Department of Pathology and Laboratory Medicine, UConn Health, Farmington, Connecticut, USA.
Department of Pathology, University of Texas Southwestern Medical Center, Dallas, Texas, USA.
Int J Lab Hematol. 2023 Dec;45(6):839-844. doi: 10.1111/ijlh.14184. Epub 2023 Oct 22.

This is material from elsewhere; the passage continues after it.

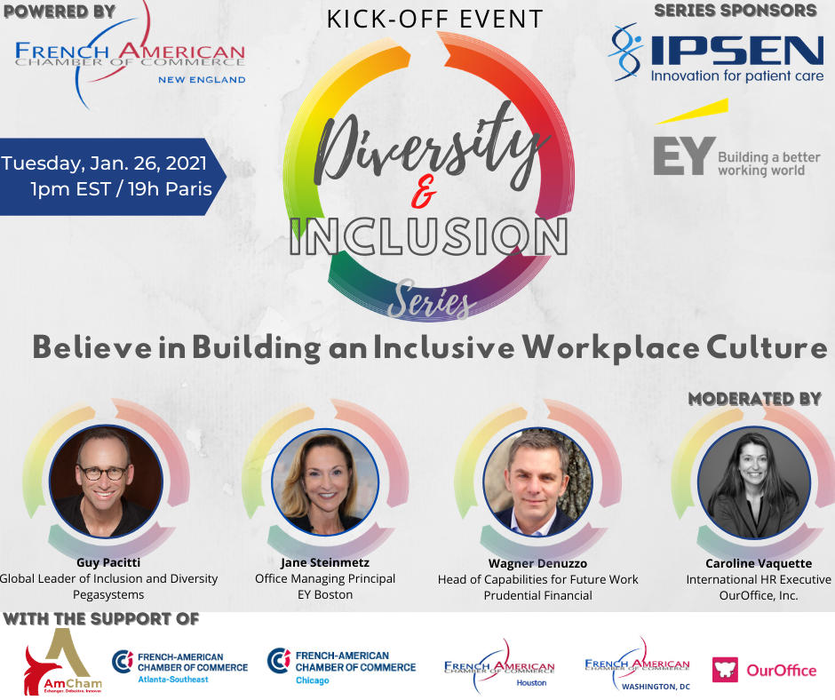 Join us on Tuesday, January 26, 2021 @ 1pm EST/19H Paris Time for the first event of this series, “Believe in Building an Inclusive Workplace Culture.” The panel discussion will be followed by Q&A with guest speakers. This is a great opportunity for professionals of all sectors from all company sizes to discuss and share their perspectives on how we each address unconscious bias.

The blast phase of BCR::ABL1-negative myeloproliferative neoplasm (MPN-BP) represents the final stage of the disease, which is complicated by complex genomic alterations. These alterations result from sequence changes in genetic material (DNA, RNA) and can lead to either a gain or loss of function of encoded proteins, such as adaptor proteins, enzymes, components of spliceosomes, cell cycle checkpoints regulators, transcription factors, or proteins in cell signaling pathways. Interference at various levels, including transcription, translation, and post-translational modification (such as methylation, dephosphorylation, or acetylation), can contribute to these alterations. Mutated genes such as ASXL1, EZH2, IDH1, IDH2, TET2, SRSF2, U2AF1, TP53, NRAS, KRAS, PTPN11, SH2B3/LNK, and RUNX1 play active roles at different stages of genetic material expression, modification, and protein function manipulation in MPNs. These mutations are also correlated with, and can contribute to, the progression of MPN-BP. In this review, we summarize their common mutational profiles, functions, and associations with progression of MPN-BP.
:ABL1 阴性骨髓增殖性肿瘤(MPN-BP)的急变期代表疾病的终末阶段,其特点是复杂的基因组改变。这些改变源于遗传物质(DNA、RNA)的序列变化,可能导致编码蛋白的功能获得或丧失,如衔接蛋白、酶、剪接体成分、细胞周期检查点调节剂、转录因子或细胞信号通路中的蛋白。在转录、翻译和翻译后修饰(如甲基化、去磷酸化或乙酰化)等各个水平的干扰都可能导致这些改变。ASXL1、EZH2、IDH1、IDH2、TET2、SRSF2、U2AF1、TP53、NRAS、KRAS、PTPN11、SH2B3/LNK 和 RUNX1 等突变基因在 MPN 中遗传物质表达、修饰和蛋白功能操纵的不同阶段发挥着积极作用。这些突变也与 MPN-BP 的进展相关,并可能促成其进展。在这篇综述中,我们总结了它们常见的突变谱、功能以及与 MPN-BP 进展的关系。